Sixth-year senior English got the nod at 149. Redshirt freshman Zack Beitz was the starter most of the season, subbing in for last year's starter, Andrew Alton. Alton was recovering from offseason shoulder surgery. Late in the season, Sanderson said, the team held wrestle-offs and English won. Sanderson also revealed that Alton will soon have surgery on the opposite shoulder he had surgery on during the last offseason.
"He's earned the right to compete and wrestle for Penn State. If anybody has, James English has. When he's feeling good, he's very good," Sanderson said.
For English, who has struggled with injuries his entire Penn State career, it's the culmination of career-long goal.

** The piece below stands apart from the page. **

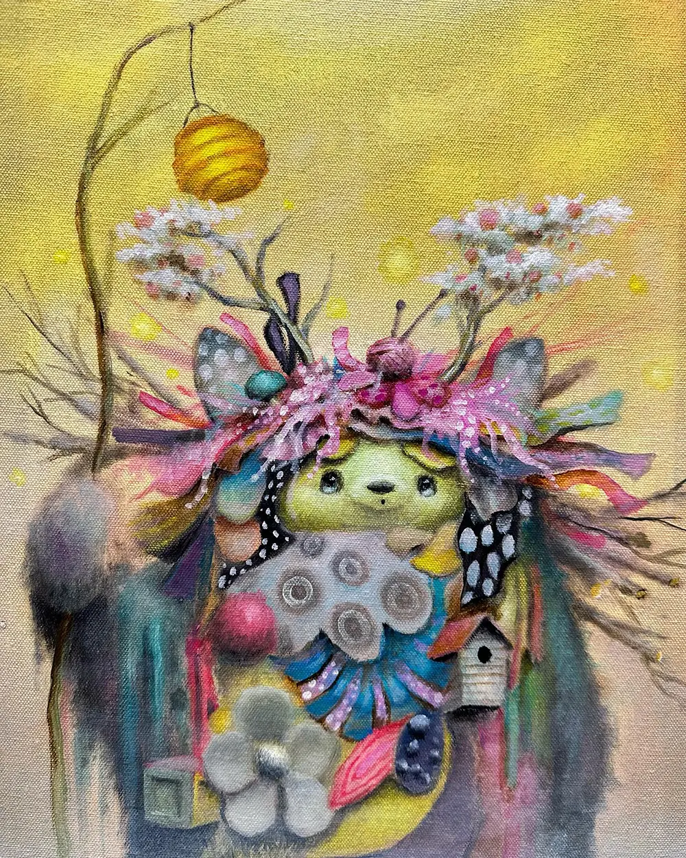 This Asheville-based painter has a knack for creating images that sit right between a beautiful dream and a cozy fairy tale—a unique blend of Surreal Art and pop-surrealism that just hits different. Scott’s universe is one of gentle strangeness, often featuring space motifs and a pervasive, glowing atmosphere that pulls you right in.
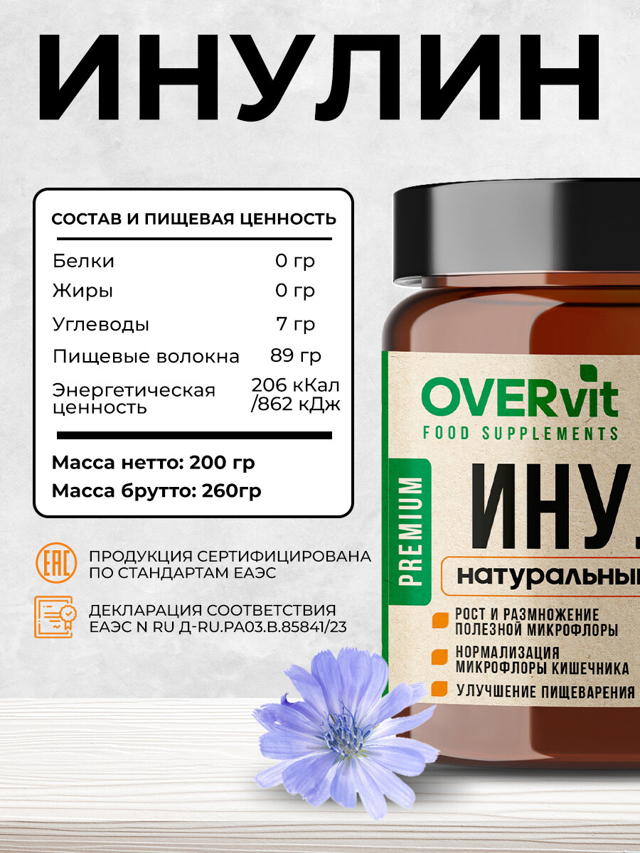 Инулин, натуральный пребиотик, для улучшения пищеварения, 200 г интересное:

"I want to be a national champion. That's what I've been training for. I've had some injuries, so I've been out. I'm just trying to make a comeback here at the end of the year," he said.
"I'm super excited. This is what I've been working for all six years. I'm glad to be able to go out there and finally give it a shot. I came back because I thought I could be the guy at the end of the year and be the guy to win nationals. I didn't come back to be a cheerleader on the bench."
For two other Nittany Lions, seniors Taylor and Ruth, this tournament is a chance to win their fourth Big Ten titles. If that happens, both Nittany Lion seniors will have gone an entire career without a loss to a Big Ten opponent, a staggering accomplishment should it happen.
"The Big Ten is not just another tournament. It's a pretty special tournament," Taylor said.
"There's no doubt I want to win the Big Tens and help our team win a fourth (straight) Big Ten title. There aren't too many people who can say they contributed to four Big Ten titles."
Ruth said he wanted to emerge from Big Tens as healthy as possible and, "I just want to go out there and put on a really good show."
Last year at this time, Gingrich was dealing with the sting of being told he wouldn't represent Penn State in the postseason.
Channeling that frustration and anger helped Gingrich earn the nod at 285 pounds.
"I think at first it kind of set me back a little bit. Then, I finally realized if I use it the right way it would definitely help motivate me," Gingrich said.
"I'm very excited. To want to be there last year and not get a chance and now get a chance to be there is something you can't really put into words. It's true excitement. I can't wait to get out there and compete."
Gingrich said he's also trying to narrow his focus to just wrestling and what he needs to do to win.
"I honestly took away my social media and Facebook so I wouldn't have to worry about it. I haven't been on Twitter or anything like that. I'm just focusing on what I need to do," he said.
"I think it helps you not focus on what other people are saying. You're more focused on what you need. Also, more thoughts in your head is more stress."